How to sort dictionary on first element of the key (tuple)

Question

I have a dictionary where each key is a tuple of values, I want to use the sorted() method to sort the dictionary on the very first element of my tuple. My code looks like this:

def mapData(header_list, dict_obj):
    master_dict = {}
    client_section_list = []
    for element in header_list:
        for row in dict_obj:
            if (row['PEOPLE_ID'], row['DON_DATE']) == element:
                client_section_list.append(row)
        element = list(element)
        element_list = [client_section_list[0]['DEDUCT_AMT'],
                    client_section_list[0]['ND_AMT'],
                    client_section_list[0]['DEDUCT_YTD'],
                    client_section_list[0]['NONDEDUCT_YTD']
                    ]
        try:
            element_list.append((float(client_section_list[0]['DEDUCT_YTD']) +
                                 float(client_section_list[0]['NONDEDUCT_YTD'])
                                 ))
        except ValueError:
            pass

    element.extend(element_list)
    element = tuple(element)
    master_dict[element] = client_section_list
    client_section_list = []
return sorted(master_dict, key=lambda key: key[master_dict[(1)]]

The last line is where I'm trying to find a way to sort it. My tuple looks like this:

(312178078,6/22/15,25,0,25,0,25.0)

Answer 1

Not entirely sure what you are trying to do, particularly what that function is supposed to return.
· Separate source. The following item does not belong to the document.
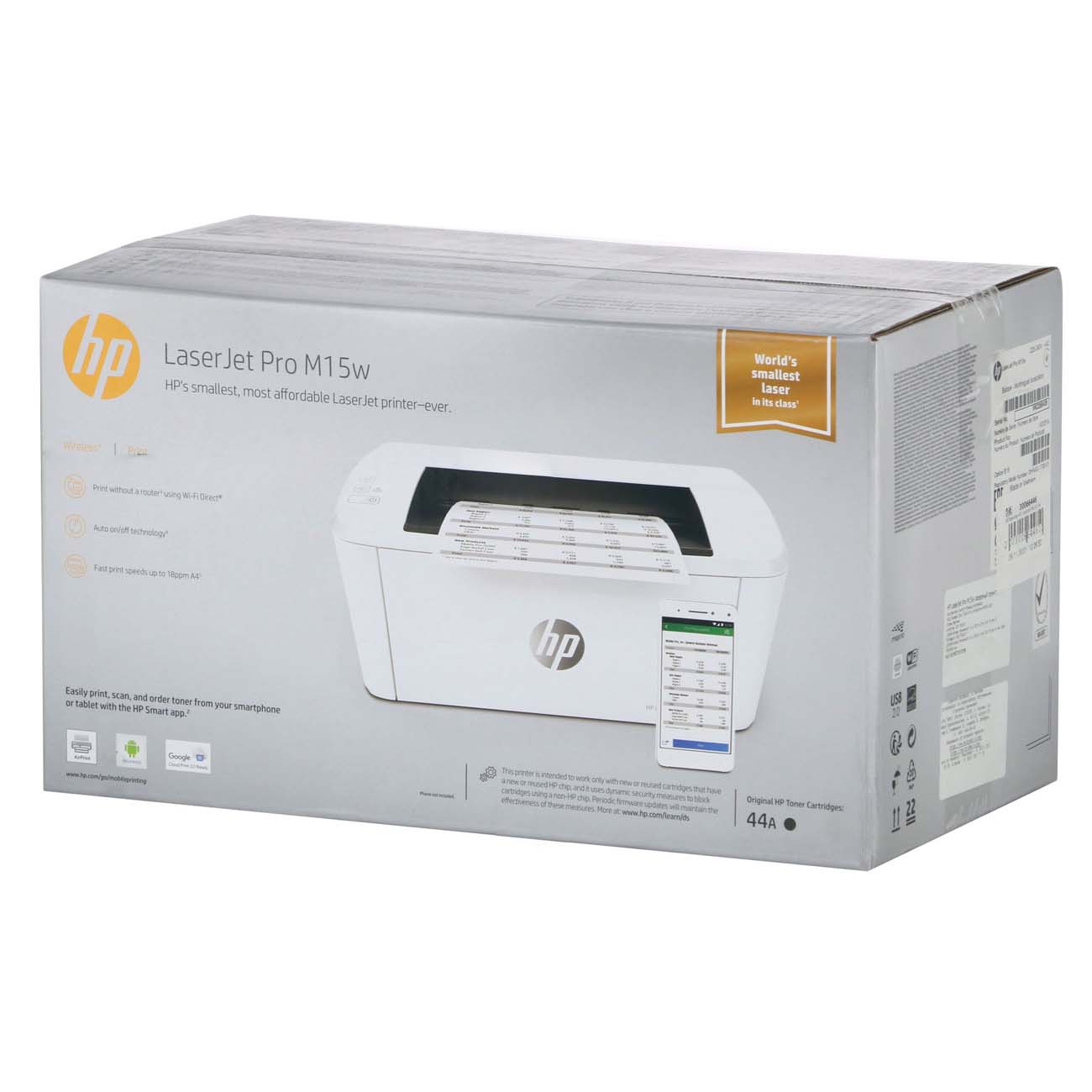 HP LaserJet Pro M15w W2G51A подключается к ПК и другим носителям информации с помощью интерфейса USB 2.0 и модуля Wi-Fi 802.11b/g/n, который обеспечивает беспроводную связь при частоте 2,4 ГГц. Прибор поддерживает мобильные технологии печати Android Print Service Plugin, Apple AirPrint, ePrint. Для управления предусмотрен блок сенсорных клавиш. Приложение HP Smart позволяет выполнять необходимые настройки с помощью смартфона.
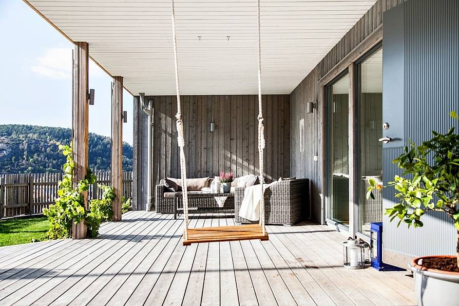 В Скандинавских странах чаще всего встречаются одноэтажные или двухэтажные дома в скандинавском стиле. Полезную площадь скандинавы добавляют за счет террасы. Она строится с применением дерева, здесь размещается стол со стульями или мягкие бескаркасные кресла. Если терраса строится под крышей, то здесь могут повесить гамак и организовать небольшое помещение для хранения каких-то вещей, а вот в современных скандинавских домах терраса строится под открытым небом, чтобы можно было принимать солнечные ванны.

I assume that you want to return the dictionary sorted by the first element in the key-tuples.

For this, there are two things to note:

1. Tuples are by default sorted by their first element (and if those are the same, then by the second, and so on), so no special key function is required
2. Regular dictionaries are unordered, ie they can not be permanently sorted in any order; you can only sort their items as a list, or use that list to create an OrderedDict instead

Some minimal example:

>>> d = {(2,4): 1, (1,3): 2, (1,2): 3, (3,1): 4}
>>> sorted(d)
[(1, 2), (1, 3), (2, 4), (3, 1)]
>>> sorted(d.items())
[((1, 2), 3), ((1, 3), 2), ((2, 4), 1), ((3, 1), 4)]
>>> collections.OrderedDict(sorted(d.items()))
OrderedDict([((1, 2), 3), ((1, 3), 2), ((2, 4), 1), ((3, 1), 4)])
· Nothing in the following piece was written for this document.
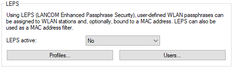 The configuration of the Profiles and Users for LANCOM Enhanced Passphrase Security (LEPS) are located in LANconfig under . The switch LEPS active enables the LEPS feature.

In your case, you probably want this:

return collections.OrderedDict(sorted(master_dict.items()))

Answer 2

As @tobias_k has mentioned, sorted sorts tuples by its elements with decreasing priority, eg if you take a tuple (a, b, c) the highest sorting priority goes to a , then goes b etc (by default sorted uses object's comparison methods and this is how tuple comparison works). So sorted(master_dict) is all you need if you want a list of sorted keys, yet I believe you really want to leave the values

sorted(master_dict.items(), key=lambda key: key[0])

dict.items returns tuples of form (key, value) so here you need to specify the sorting key .